T. Cook’s Executive Chef Todd Allison’s standout dishes honor the regions of Northern Italy, Greece, Spain and Provence.

March 14, 2018

Experience AZ

T. Cook’s rolls out new seasonal menu and refined brunch

The flavors of the Mediterranean come alive on T. Cook’s new seasonal dinner menu where lobster paella, branzino, octopus and lamb are among Executive Chef Todd Allison’s standout dishes that honor the regions of Northern Italy, Greece, Spain and Provence.

As one of Arizona’s most celebrated legacy restaurants for more than two decades, T. Cook’s menu focuses on simple preparations, uncomplicated dishes and seasonal ingredients. In the past three years, Chef Todd is credited with reviving the iconic restaurant’s heritage as well as garnering significant acclaim for his seafood, most notably his branzino and John Dory dishes.


“My passion lies in making each dish as authentic as possible by importing many ingredients from the Mediterranean, while also supporting local Arizona farmers and ranchers. The combination of the two strikes the perfect balance in bringing worldly flavors together with locally-grown goods,” said Chef Todd. “This season, it’s all about fresh, light dishes that are robust, interesting and keep our guests intrigued with every visit. I’m constantly pushing myself to discover age-old methods and ingredients. I’m just starting to play with Piedmontese Beef from northwest Italy, which aligns with what we’re trying to achieve. I always want to offer dishes that you can’t find anywhere else in the Valley.”

Some T. Cook’s standout items on the new dinner menu include Grilled Piedmontese Strip Loin ($46) with sautéed spinach, Cipollini onion, fingerling potato, roasted garlic; Greek Branzino Cioppino ($39) with fennel, mussels, clams, saffron, potato; Grilled Colorado Lamb Chops ($51) with harissa couscous tabbouleh salad, tzatziki and feta cheese; Grilled Maine Lobster Paella for Two ($88) with Spanish chorizo, duck confit, piquillo pepper and saffron bomba; Beluga Lentil & Organic Spinach Soup ($12) with Gilroy garlic yogurt, green onion and served with flatbread.
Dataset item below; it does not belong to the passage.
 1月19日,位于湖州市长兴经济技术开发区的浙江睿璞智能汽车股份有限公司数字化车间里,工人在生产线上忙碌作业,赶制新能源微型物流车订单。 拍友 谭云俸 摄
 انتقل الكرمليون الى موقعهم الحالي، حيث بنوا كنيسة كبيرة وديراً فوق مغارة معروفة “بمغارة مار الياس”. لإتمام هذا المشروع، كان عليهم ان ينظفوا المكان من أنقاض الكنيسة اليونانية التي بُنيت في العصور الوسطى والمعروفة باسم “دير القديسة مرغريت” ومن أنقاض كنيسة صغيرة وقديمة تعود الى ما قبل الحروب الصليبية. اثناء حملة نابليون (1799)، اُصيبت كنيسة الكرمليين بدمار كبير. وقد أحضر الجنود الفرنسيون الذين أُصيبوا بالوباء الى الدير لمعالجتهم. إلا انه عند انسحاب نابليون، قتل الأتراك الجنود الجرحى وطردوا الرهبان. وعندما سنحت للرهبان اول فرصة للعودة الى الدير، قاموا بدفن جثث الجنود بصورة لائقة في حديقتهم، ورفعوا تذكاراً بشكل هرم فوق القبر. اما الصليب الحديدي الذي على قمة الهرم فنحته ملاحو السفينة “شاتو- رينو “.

T. Cook’s has also refined its Sunday Market Brunch, available Sundays only from 10:00 a.m. to 1:30 p.m. through May 27 (Adults: $46, Children: $25). The impressive, all-inclusive dining experience offers guests the choice of a tapas-style starter such as Beef Tartare, Savory Mushroom Crepe or Pan-Roasted Hudson Valley Foie Gras and an entrée like the Spanish Chorizo Benedict, Harissa Sautéed Filet Tip Pupusa or Pan Roasted Maine Diver Sea Scallops, among others. Plus, guests enjoy the unlimited, buffet-style Mediterranean seafood presentation, a grand display of favorite brunch selections and bakeshop specialties and sweets.

T. Cook’s culinary philosophy of magnifying the purity of fresh, seasonal ingredients is a celebration of its treasured legacy and offers a captivating environment in every sense with stone fireplaces, al fresco dining and unique design elements.
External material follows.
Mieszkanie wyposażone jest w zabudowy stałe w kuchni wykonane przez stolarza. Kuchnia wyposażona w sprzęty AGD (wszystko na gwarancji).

Located at Royal Palms Resort and Spa, part of The Unbound Collection by Hyatt, T. Cook’s sits within the heart of the resort’s mature, lush nine-acre property at the base of the iconic Camelback Mountain.
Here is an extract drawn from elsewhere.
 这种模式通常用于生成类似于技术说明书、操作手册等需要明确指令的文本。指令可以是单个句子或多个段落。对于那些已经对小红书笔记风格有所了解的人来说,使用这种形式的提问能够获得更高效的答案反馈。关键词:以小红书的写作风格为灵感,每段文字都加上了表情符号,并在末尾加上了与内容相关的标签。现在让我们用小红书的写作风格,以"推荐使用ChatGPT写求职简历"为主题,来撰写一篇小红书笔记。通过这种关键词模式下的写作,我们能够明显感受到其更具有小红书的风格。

With a heritage dating back to 1929, Royal Palms combines the graciousness and sophistication of a storied Mediterranean villa with the intimacy and privacy of a secluded retreat, leaving a lasting impression on all who visit. A true destination for lovers, the resort was originally built as a private mansion as a grand gesture of love by financier Delos Willard Cooke for his wife Florence. Unlike any other resort in Arizona, winding stone paths transport guests past a grove of orange trees, trickling fountains in courtyards, roaring outdoor fireplaces, 100-year-old rustic doorways and hand-painted tiles, and lush gardens filled with magenta bougainvillea, exotic plants and desert flowers.